Investors who are low risk takers choose risk free securities such as Government
securities which has fixed rate of return over a long term period. As these securities
incorporate fixed rate of return hence they are free from any uncertainty. Hence mostly
low or moderate risk takers invest in such securities (Diacon, 2002).
Risk factors that can be controlled by the individual himself are considered as
controllable risks as they can be controlled with one's behavior e.g. by avoiding smoking
one can avoid the risk of getting cancer.
Not all type of risks can be controlled or changed by the individual, such risks are known
as uncontrollable risks e.g. heredity diseases cannot be prevented by one's own will,
similarly no one can change or control the obvious diseases resulting from old age while
in some cases like in investment decisions one can protect himself from huge losses by
doing risk assessment first (Groth, 2004).
From an organizational point of view controllable risks are the internal risks that can be
changed, controlled, avoided or even eliminated e.g. monitoring employee's behavior on
regular basis to avoid any illegal action that can cause loss to the company. Whether a
company or individual controllable risks for both is best managed through prevention
i.e. by actively monitoring operational processes, their investment portfolios, their
decision behaviors etc. for this reason controllable risks are also called preventable
risks. Some risks arise from such events which cannot be controlled, prevented or
monitored to be influenced. Natural & political disasters in a country effects all the
sectors of that country & hence they can only be identified by cannot be controlled e.g.

world recession of 1930 hit every financial sector very badly but this recession couldn't
be controlled due to some reasons although they were mitigated but not fully prevented.
These risks are uncontrollable risks & are also known as external risks (Kaplan, 2012).
Risks can be controllable or uncountable, price fluctuations in commodity prices is
generally not considered controllable due to some of the market factors which cannot b
controlled although it can be mitigated by increasing or decreasing one's exposure to the
risk e.g. if a lay man wants to invest in the business he can mitigate the risks by hiring a
broker for himself instead of doing investments on his own (Fragnire, 2007).
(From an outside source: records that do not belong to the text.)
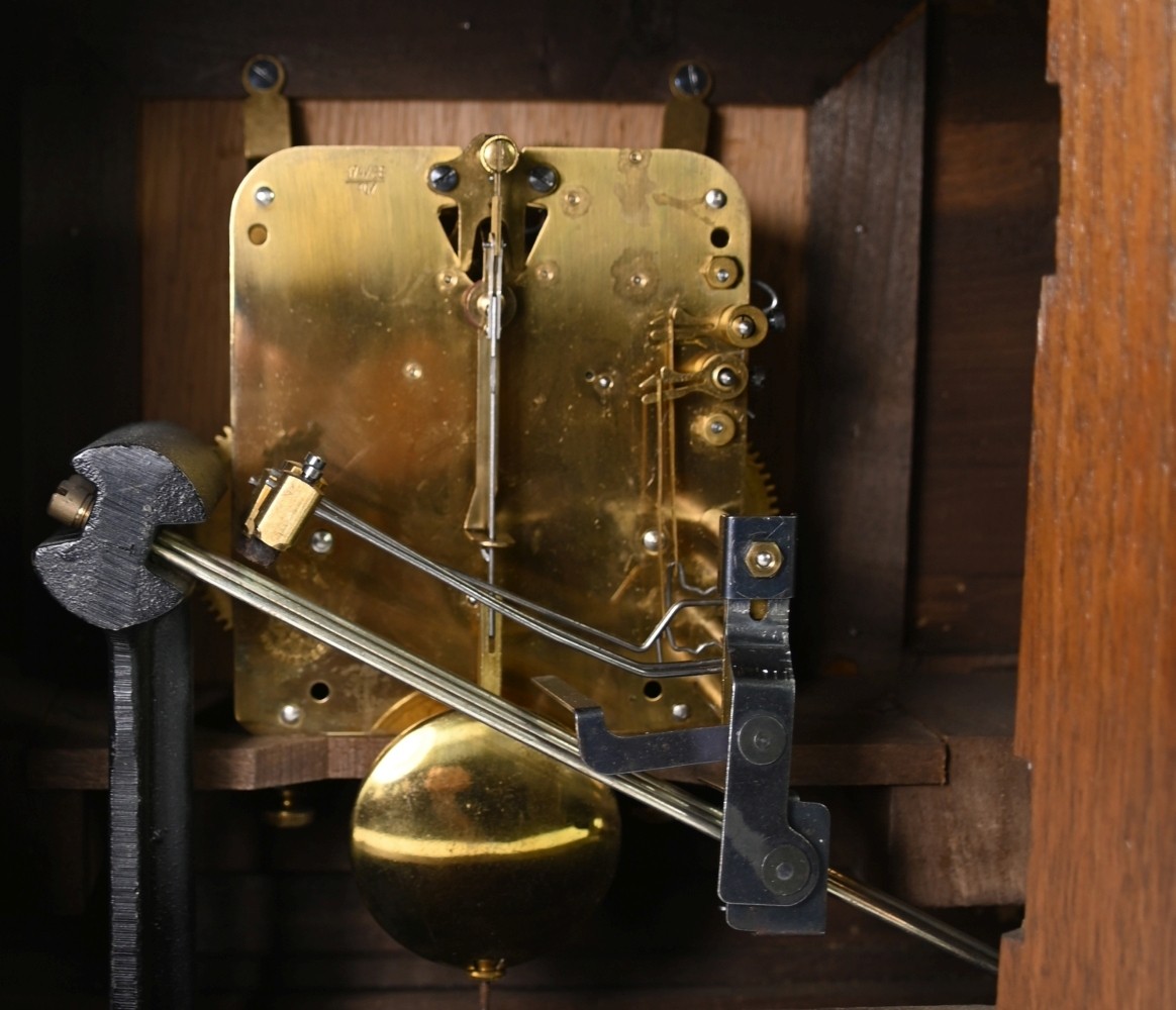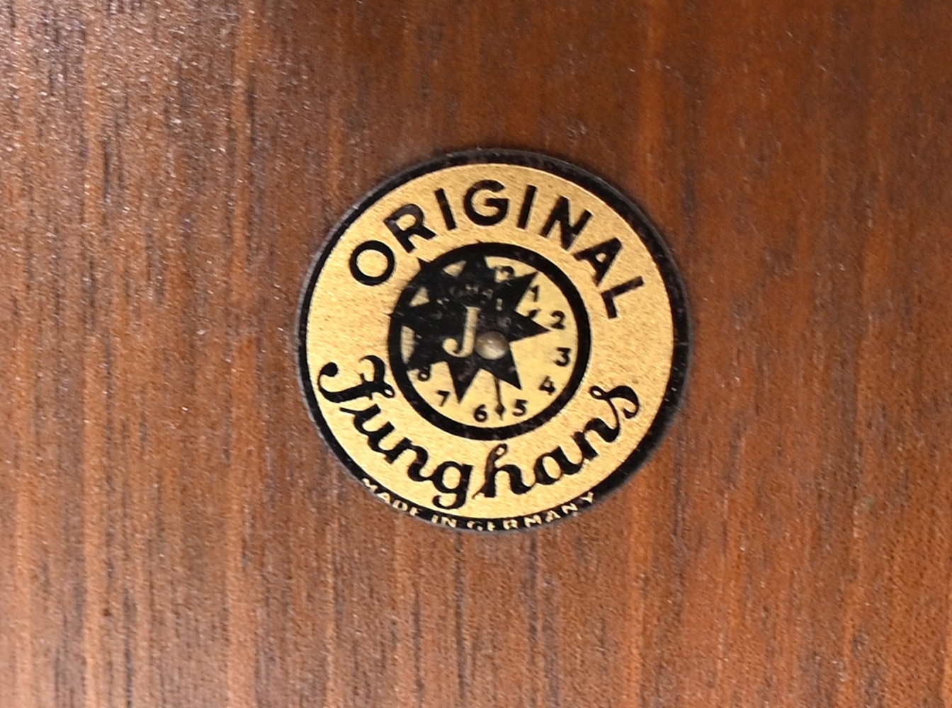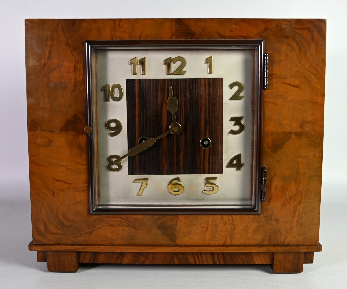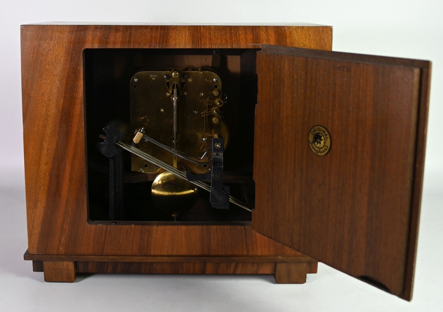 KOMMODENUHR auch Schreibtischuhr, Junghans, rechteckiges Holzgehäuse, viereckiges Zifferblatt verglast mit goldfarbenen arabischen Ziffern, Schlag auf drei Tonsaiten, rücks. Marke'' J. im Stern''darunter bez. ''Württemberg'', deutsch, um 1925, 26x39x14cm, *guter Zustand - läuft an*
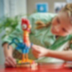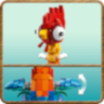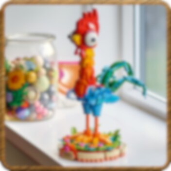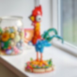 Bouw Heihei uit Disney's Vaiana en Vaiana 2! Creëer een op de film geïnspireerd displaymodel van Vaiana's kleurrijke kippenvriend, die zich een weg pikt door verschillende avonturen, maar bijna altijd met de snavel naar boven landt! Plaats Heihei op de standaard en verander zijn houding door zijn kop te draaien en zijn vleugels en staart op en neer of opzij te bewegen. Deze kip heeft altijd trek!
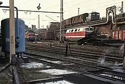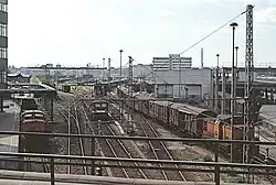 Fernzuggleise Richtung Osten mit Fahrleitungsbeginn, rechts die Halle des tieferliegenden Bahnbetriebswerks, 1991
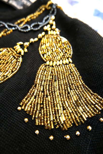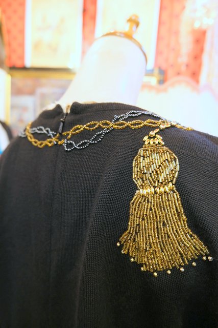 タイトなシルエットに首周りのゴージャスなビーズタッセルデザインが魅力的な1980年代頃のヨーロピアンニットワンピース

If people tend to perceive that they have control over the risks associated with their
investments then such risks are more acceptable for an investor or they are more willing
to take such risks. An individual tends to have a control over the risks of its investment if
he can mitigate or eliminate the risks. While controllability can also be confused with
illusion of control in which individual tend to consider his perceive risk lower than
actual because they think they have control over their investment risks, while in actual
they don't. Because of these factors investors tend to take high risk investment products,
rather they are more willing to accept greater risk than others hence controllable risks
are classified as those risks which we can influence or mitigate, while uncontrollable risk
factors are those which cannot be influenced (Doss, 2012).